The Boondocks comic strip will not return “in the foreseeable future,” Universal Press Syndicate, its distributor, announced Monday.
Creator Aaron McGruder took a six-month break earlier in the year but was expected to return this fall to his provocative strip about two black kids from Chicago who move to a primarily white suburb to live with their grandfather.
Syndicate president Lee Salem said McGruder could not commit to a date for when his strip would resume. (Salem added he hopes to work with McGruder in the future.)
“Aaron McGruder has been a huge creative force, but it’s unrealistic to expect a comic strip artist to commit to 20 or 30 years these days,” said Kyrie O’Connor, Houston Chronicle deputy managing editor for features. In April, the Chronicle filled the vacant spot with F Minus.
F Minus is mildly amusing. Boondocks is funny. This stinks.

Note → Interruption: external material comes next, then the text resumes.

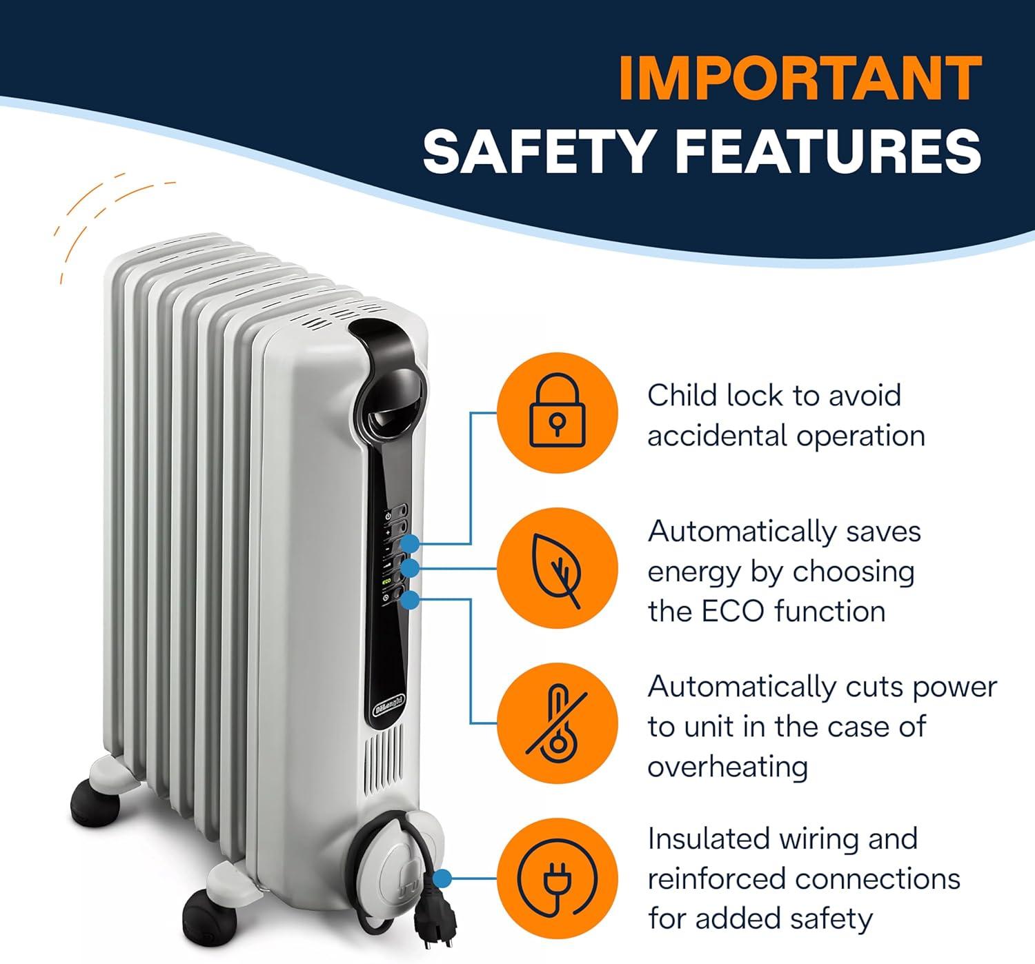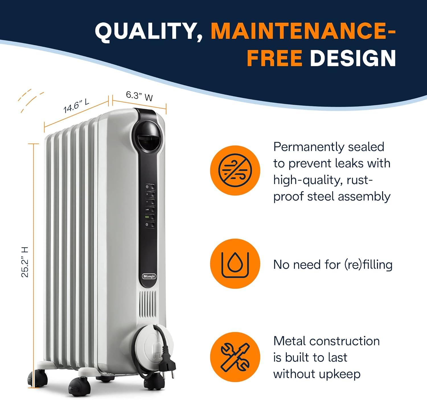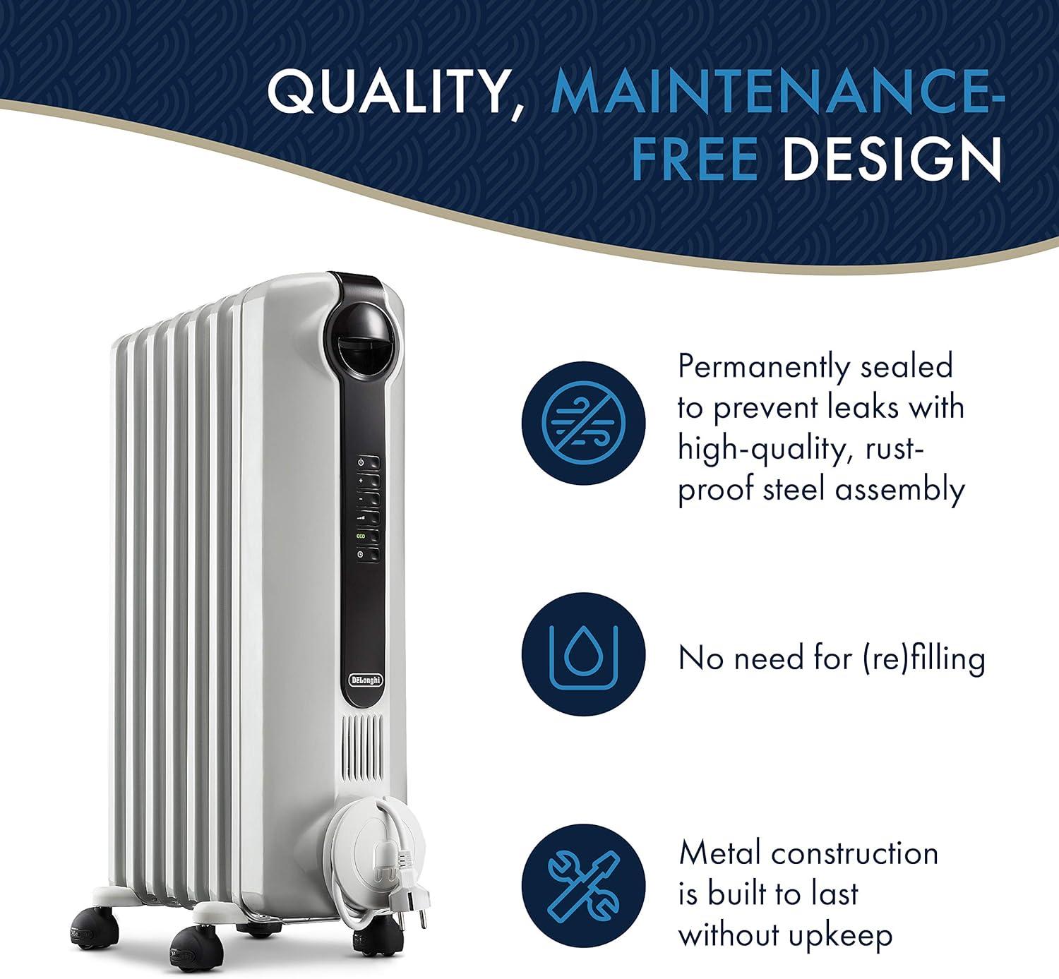 DeLonghi Radia S Oil-Filled Radiator Space Heater, Full Room Quiet 1500W, Adjustable Thermostat, 3 Heat Settings, Digital Timer, ECO Energy Saving Mode, Safety Features, Light Gray, TRRS0715E

The Boondocks show is probably better than the strip, if only because it adds narrative, and preaching is easier to take when it’s accompanied with narrative (compare Doonesbury and Mallard Fillmore).
The Boondocks TV show also has demonstrated an impressive range of imagination, an ability to strange the boundaries (at least my boundaries). I haven’t made up my mind completely yet, but casting Samuel L. Jackson as the voice of a thug wannabe white teenager (who quotes Samuel L. Jackson movies) is probably brilliant.